Since Skinnef was already incarcerated and serving a sentence for armed robbery, the decision Judge Coleman faced in determining the proper credit for confinement was essentially one of determining whether he was going to allow the sentences for armed robbery and manslaughter to run concurrently or consecutively. The record is clear that he chose the latter.

¶ 34. Such assertion enjoys no support in the record before this Court. The only remark by Judge Coleman on this issue is this, “He is entitled to whatever time that he has served on that....” Such a remark does not suggest a decision, made consciously or otherwise, to address whether the sentence was intended to be served consecutively or concurrently. Rather, the most appropriate reading of Judge Coleman’s remark is that he intended for Skinner to receive that credit required by law.

¶ 35. Accordingly, the decision made by Judge Coleman was not a finding of fact, but rather addressed a question of law. While this Court gives deference to a trial court’s findings of fact, where supported by substantial evidence, Meeks v. State, 781 So.2d 109 (¶ 9) (Miss.2001), we do not accord any deference to a trial court’s findings of law, but rather review them de novo. Brown v. State, 731 So.2d 595 (¶ 6) (Miss.1999).

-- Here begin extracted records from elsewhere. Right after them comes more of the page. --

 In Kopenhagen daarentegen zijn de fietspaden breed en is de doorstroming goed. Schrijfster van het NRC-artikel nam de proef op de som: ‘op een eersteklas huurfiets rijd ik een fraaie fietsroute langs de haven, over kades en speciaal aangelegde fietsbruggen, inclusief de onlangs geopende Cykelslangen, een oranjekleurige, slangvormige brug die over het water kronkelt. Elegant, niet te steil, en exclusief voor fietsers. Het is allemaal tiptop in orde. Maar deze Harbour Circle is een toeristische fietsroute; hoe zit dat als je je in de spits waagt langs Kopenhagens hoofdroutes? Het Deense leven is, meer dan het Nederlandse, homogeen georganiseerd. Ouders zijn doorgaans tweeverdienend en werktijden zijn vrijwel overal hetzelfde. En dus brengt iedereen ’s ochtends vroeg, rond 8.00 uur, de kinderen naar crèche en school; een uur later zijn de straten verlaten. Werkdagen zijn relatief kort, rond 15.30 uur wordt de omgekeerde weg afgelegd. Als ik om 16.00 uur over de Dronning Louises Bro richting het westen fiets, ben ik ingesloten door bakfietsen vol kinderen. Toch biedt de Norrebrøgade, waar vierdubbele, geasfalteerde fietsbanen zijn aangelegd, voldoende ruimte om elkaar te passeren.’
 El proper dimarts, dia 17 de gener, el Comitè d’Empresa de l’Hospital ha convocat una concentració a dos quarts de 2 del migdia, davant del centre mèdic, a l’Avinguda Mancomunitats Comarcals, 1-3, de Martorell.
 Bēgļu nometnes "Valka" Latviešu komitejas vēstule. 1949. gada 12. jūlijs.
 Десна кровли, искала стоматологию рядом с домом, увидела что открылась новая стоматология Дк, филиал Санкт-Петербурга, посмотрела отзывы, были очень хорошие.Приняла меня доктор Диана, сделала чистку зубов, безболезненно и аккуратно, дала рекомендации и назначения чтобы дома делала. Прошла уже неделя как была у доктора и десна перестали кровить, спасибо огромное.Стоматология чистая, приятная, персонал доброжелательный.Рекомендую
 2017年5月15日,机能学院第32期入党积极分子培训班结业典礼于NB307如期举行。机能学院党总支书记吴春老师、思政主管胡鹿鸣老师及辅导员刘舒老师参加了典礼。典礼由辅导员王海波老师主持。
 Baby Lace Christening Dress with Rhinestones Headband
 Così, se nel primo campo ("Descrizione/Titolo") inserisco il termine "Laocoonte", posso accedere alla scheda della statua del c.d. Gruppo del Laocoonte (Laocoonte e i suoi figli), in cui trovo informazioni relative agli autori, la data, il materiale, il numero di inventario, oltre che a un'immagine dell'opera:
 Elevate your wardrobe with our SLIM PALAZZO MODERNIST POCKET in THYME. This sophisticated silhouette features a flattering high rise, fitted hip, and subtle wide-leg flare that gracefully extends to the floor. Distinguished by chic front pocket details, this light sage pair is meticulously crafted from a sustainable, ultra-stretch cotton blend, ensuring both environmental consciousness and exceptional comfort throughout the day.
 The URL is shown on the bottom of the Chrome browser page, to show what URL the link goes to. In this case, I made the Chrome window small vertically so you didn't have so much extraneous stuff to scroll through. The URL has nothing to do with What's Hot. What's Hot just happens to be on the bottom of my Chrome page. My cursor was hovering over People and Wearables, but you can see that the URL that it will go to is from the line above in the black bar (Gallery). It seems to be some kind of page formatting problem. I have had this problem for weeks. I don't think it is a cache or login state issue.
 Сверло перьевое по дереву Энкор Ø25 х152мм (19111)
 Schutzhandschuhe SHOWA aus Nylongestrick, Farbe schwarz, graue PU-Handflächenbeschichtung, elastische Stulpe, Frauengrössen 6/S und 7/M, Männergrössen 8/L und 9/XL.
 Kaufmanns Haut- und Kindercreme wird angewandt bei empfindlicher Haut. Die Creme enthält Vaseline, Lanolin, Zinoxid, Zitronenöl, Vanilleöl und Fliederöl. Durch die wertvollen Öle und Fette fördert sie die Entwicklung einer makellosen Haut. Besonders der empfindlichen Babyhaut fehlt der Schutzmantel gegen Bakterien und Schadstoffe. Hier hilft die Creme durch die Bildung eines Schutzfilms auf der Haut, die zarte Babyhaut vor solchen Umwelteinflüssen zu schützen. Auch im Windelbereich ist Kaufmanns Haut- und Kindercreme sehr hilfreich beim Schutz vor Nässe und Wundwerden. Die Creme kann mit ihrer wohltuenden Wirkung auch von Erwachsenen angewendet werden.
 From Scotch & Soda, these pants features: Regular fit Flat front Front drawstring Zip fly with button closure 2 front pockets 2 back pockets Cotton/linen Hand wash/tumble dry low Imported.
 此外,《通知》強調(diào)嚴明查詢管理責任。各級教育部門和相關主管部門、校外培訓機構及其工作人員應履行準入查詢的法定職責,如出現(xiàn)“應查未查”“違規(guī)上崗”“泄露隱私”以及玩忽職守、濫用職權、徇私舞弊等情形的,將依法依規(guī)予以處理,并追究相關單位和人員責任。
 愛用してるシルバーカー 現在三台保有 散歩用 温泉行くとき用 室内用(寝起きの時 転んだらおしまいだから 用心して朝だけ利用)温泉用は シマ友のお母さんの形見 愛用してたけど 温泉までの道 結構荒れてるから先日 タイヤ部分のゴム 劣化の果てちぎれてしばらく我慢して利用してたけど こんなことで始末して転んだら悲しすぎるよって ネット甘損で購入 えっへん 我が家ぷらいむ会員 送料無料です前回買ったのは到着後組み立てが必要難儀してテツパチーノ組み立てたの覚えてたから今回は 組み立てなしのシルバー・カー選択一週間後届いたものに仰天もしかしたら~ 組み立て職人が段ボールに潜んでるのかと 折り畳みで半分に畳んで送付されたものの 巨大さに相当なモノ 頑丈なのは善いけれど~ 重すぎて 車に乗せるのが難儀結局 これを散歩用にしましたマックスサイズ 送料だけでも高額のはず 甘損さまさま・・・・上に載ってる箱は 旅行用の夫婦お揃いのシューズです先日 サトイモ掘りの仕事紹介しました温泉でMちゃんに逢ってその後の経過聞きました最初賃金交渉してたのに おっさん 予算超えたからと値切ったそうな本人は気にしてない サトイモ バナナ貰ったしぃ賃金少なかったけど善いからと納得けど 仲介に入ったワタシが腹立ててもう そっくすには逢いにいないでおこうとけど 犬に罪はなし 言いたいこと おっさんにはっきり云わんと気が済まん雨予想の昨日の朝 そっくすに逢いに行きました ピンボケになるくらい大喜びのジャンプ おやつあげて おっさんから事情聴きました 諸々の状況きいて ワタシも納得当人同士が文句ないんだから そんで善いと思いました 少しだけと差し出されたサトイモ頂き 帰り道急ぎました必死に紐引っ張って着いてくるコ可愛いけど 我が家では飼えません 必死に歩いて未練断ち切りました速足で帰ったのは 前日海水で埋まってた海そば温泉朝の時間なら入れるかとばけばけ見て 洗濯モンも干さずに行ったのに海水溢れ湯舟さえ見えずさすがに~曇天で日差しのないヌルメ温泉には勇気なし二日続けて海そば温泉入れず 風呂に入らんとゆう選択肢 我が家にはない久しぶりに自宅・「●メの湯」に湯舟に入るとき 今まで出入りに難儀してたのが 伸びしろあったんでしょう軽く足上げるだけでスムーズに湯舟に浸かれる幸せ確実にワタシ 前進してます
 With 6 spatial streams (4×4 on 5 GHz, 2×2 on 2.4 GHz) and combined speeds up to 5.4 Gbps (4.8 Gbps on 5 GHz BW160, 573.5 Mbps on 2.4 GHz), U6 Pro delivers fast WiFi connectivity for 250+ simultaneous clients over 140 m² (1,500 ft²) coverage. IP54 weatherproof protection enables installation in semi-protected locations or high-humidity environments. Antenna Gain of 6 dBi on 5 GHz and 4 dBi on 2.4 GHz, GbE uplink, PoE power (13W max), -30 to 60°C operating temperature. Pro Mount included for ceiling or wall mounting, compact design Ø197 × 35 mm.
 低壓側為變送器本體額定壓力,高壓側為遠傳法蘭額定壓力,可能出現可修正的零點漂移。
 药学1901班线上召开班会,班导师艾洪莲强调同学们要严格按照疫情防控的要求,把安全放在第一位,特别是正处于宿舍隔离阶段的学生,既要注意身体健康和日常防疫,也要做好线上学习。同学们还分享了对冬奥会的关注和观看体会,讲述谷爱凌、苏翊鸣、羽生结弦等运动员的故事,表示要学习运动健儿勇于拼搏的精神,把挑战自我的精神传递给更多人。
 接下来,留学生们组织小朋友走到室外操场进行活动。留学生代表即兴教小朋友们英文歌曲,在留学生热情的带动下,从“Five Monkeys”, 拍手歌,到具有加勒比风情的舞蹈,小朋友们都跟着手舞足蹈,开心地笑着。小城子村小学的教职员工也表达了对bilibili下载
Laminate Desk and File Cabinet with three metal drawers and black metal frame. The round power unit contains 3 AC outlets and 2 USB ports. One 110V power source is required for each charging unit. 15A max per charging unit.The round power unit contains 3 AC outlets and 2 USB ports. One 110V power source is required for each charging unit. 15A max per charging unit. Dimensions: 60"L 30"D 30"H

¶36. When the facts of this case are reviewed, and the proper standard of review applied to the matters of law, we are led inescapably to the following findings of *226law (1) the reversal and rendering of Skinner’s armed robbery conviction vacated and voided that conviction as of November 27, 1990, (2) that when Skinner was sentenced on May 18, 1998, on the charge of manslaughter, the armed robbery conviction did not exist, and for purposes of sentencing on the charge of manslaughter had never existed, (3) that when Skinner’s armed robbery conviction was nullified, all time spent incarcerated between October 18, 1996 and May 18, 1998, was spent solely awaiting trial on the charge of murder, and (4) that all time which Skinner spent awaiting trial on the charge of murder should have been credited against his ultimate sentence.

¶ 37. Where a trial judge has misapplied the daw, he has, as a matter of law, abused his discretion. Under these circumstances, this Court should not hesitate to reverse him. McClendon v. State, 539 So.2d 1375, 1377 (Miss.1989).

¶ 38. Therefore, I would reverse and hold that Skinner should be credited with time served from the date of his arrest, October 18,1996.

PAYNE and IRVING, JJ., join this dissent.

. That order stated:

This day this cause came on for hearing upon the petition for post-conviction relief heretofore filed herein by the defendant, and the court having examined said petition pursuant to the provisions of Section 99-39-11(2) finds that it is manifest that the defendant is not entitled to any relief.
It is therefore ordered and adjudged that the Defendant’s petition for post conviction relief should be, and it is hereby dismissed.
The Clerk is hereby directed to furnish the Defendant and the Clerk of the Miss. Supreme Court with a copy of this order.